Lagrange multipliers

To find such points we are going to use the Lagrange multipliers Theorem. It states that given a function g\colon \mathbb{R}^n\to \mathbb{R} of C^1 class defined on an open set V and a manifold M\subseteq \mathbb{R}^n defined as

    \[M=\{(x_1,\ldots, x_n)\in \mathbb{R}^n\colon  F(x_1,\ldots, x_n)=(0,\ldots, 0)\},\]

where F\colon \mathbb{R}^n\to \mathbb{R}^{n-m} (niech F=(F_1,\ldots, F_{n-m})) jest funkcją klasy C^1,
if a point a\in M\cap V is a conditional local extremum, then there exist numbers \lamda_1,\ldots, \lambda_{n-m}, such that

    \[g'(a)=\lambda_1 F'_1(a)+\ldots +\lambda_{n-m}F'_{n-m}(a).\]

Notice that this means that g'(a) being a linear combination of F'_i is perpendicular to M at a, because the tangent space is the space perpendicular to all F'_i(a).

Thus given a compact manifold without a boundary we may use this condition to find all candidates for points on which the function can take its maximal and minimal value on the considered manifold.

For example let us take the manifold described by the equation F(x,y,z)=x^2+y^2+z^2-1=0 and function g(x,y,z)=x^2-yz.

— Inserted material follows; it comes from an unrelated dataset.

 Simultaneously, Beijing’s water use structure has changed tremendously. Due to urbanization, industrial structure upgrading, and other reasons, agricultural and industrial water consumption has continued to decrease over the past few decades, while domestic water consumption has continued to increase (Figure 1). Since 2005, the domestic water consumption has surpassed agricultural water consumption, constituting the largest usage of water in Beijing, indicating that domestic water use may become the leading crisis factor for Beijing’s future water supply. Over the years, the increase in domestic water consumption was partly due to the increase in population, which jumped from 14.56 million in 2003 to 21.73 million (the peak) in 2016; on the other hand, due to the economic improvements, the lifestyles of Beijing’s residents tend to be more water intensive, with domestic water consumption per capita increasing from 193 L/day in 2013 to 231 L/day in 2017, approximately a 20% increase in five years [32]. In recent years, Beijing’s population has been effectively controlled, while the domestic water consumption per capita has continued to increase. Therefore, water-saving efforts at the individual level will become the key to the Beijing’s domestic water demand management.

Then F(x,y,z)=x^2+y^2+z^2-1=0 and g(x,y,z)=x^2-yz. We get F'(x,y,z)=[2x,2y,2z] and g'(x,y,z)=[2x,-z,-y]. We look for \lambda\in \mathbb{R}, such that [2x,-z,-y]=\lambda [2x,2y,2z], i.e.

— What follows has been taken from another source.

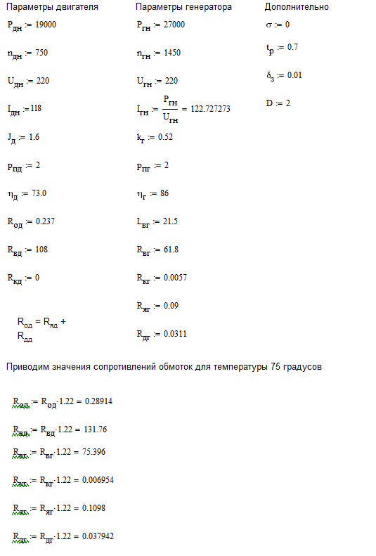 Расчет значений сопротивлений обмоток двигателя и генератора для

    \[\begin{cases} 2x=2\lambda x\\-z=2\lambda y\\-y=2\lambda z\end{cases}\]

If x\neq 0 then \lambda =1, thus -y=-4y, so y=0=z, and x=\pm 1. So we get two points in which we may have extrema: (1,0,0) and (-1,0,0) (and \lambda =1). The value at these points is 1. On the other hand, if x=0, then z=\lambda^2z and y=4\lambda^2y. Both cannot be equal to zero, so \lambda =\pm 1/2 and y=\pm z, but since x^2+y^2+z^2-1=0, we get 2y^2=2z^2=1. Thus, for \lambda=1/2 we have points (0,\sqrt{2}/2,-\sqrt{2}/2) and (0,-\sqrt{2}/2,\sqrt{2}/2), and for \lambda=-1/2 we have (0,\sqrt{2}/2,\sqrt{2}/2) and (0,\sqrt{2}/2,\sqrt{2}/2). In these point the value of g is respectively -1/2, -1/2 , 1/2 and 1/2. So the minimal value is -1/2 and maximal is 1.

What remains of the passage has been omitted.